Australia Opens Antitrust Inquiry Into Apple's App Store

But i don't beleive all services should be paying apple a cut of their service for merely having a portal to a web based service like Netflix or Prime.
Great example!

Are you implying Netflix and Prime dont make any income from their shows/movies?
They run the whole Platform from the goodness of their hearts? Lol
 
Sure. How about government requiring that all smart phones allow for alternative app stores? Then everyone might agree that Apple can set whatever fees they want. 90% fee? Great! We'll use a different app store.
It is Apples product, they shouldn’t be forced to change anything on their products unless its a safety or security concern.

If you want to use a different App Store, go for your life. Im sure you’ve heard of Samsung and Google right?

While we’re at it why dont Google/Samsung have the Apple App Store on their Devices? :/
 
If Apple is ever made to open the iPhone to other app stores, and I doubt that will happen, they still have control over the core os. They can restrict API access and make it harder for non Apple App Store applications to do much of anything. Apple uses security as a selling point, they will protect that as much as possible.
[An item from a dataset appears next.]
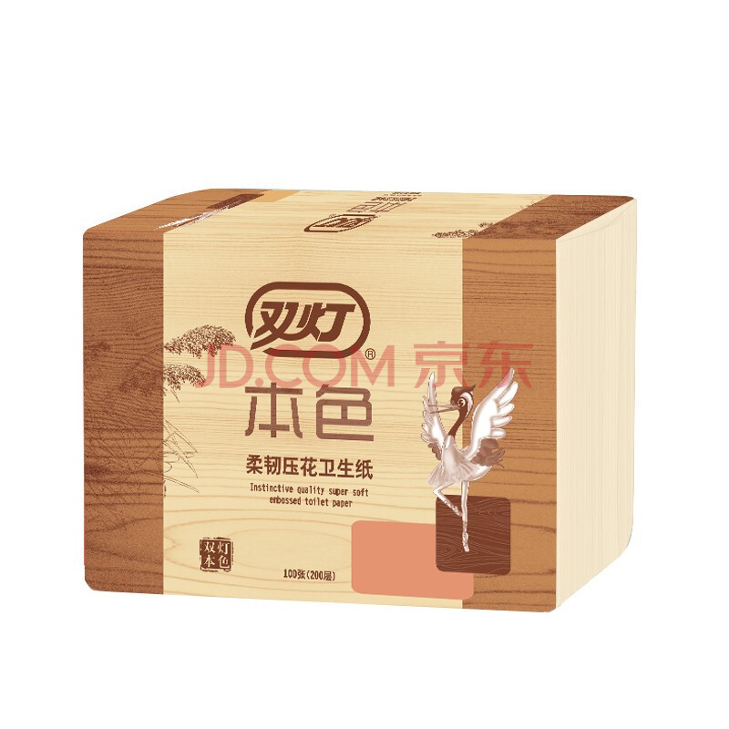 商品相册:双灯 平板纸卫生纸本色压花擦手纸厕纸草纸100张(200层)*8包第

And then companies sue Apple over restricting the API's and making them not accessible so Apple is forced to open them up for others to use bypassing any of the security.

Like Microsoft did?

Microsoft tried to stifle Netscape's development and when threatening them directly didn't work, it then threatened OEMs that it would withhold Windows from them if they shipped Netscape and directly integrated their browser into the operating system all in an attempt to kill competition. That's using a monopoly in an anti-competitive manner.

Sure. How about government requiring that all smart phones allow for alternative app stores? Then everyone might agree that Apple can set whatever fees they want. 90% fee? Great! We'll use a different app store.
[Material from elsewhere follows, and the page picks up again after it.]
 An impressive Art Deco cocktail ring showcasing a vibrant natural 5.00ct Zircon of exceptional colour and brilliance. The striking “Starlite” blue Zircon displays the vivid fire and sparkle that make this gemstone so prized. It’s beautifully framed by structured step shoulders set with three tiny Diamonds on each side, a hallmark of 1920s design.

And in using the different app store you don't pay anything to Apple? At what point does Apple stop bothering to open up their devices any more? Does that hinder competition in the broader smartphone ecosystem by requiring anyone who wants to come into the market to support third party app stores? Or does it only apply to companies that have 40% or more of marketshare? At what point does it become government appropriation of private property?
 
And then companies sue Apple over restricting the API's and making them not accessible so Apple is forced to open them up for others to use bypassing any of the security.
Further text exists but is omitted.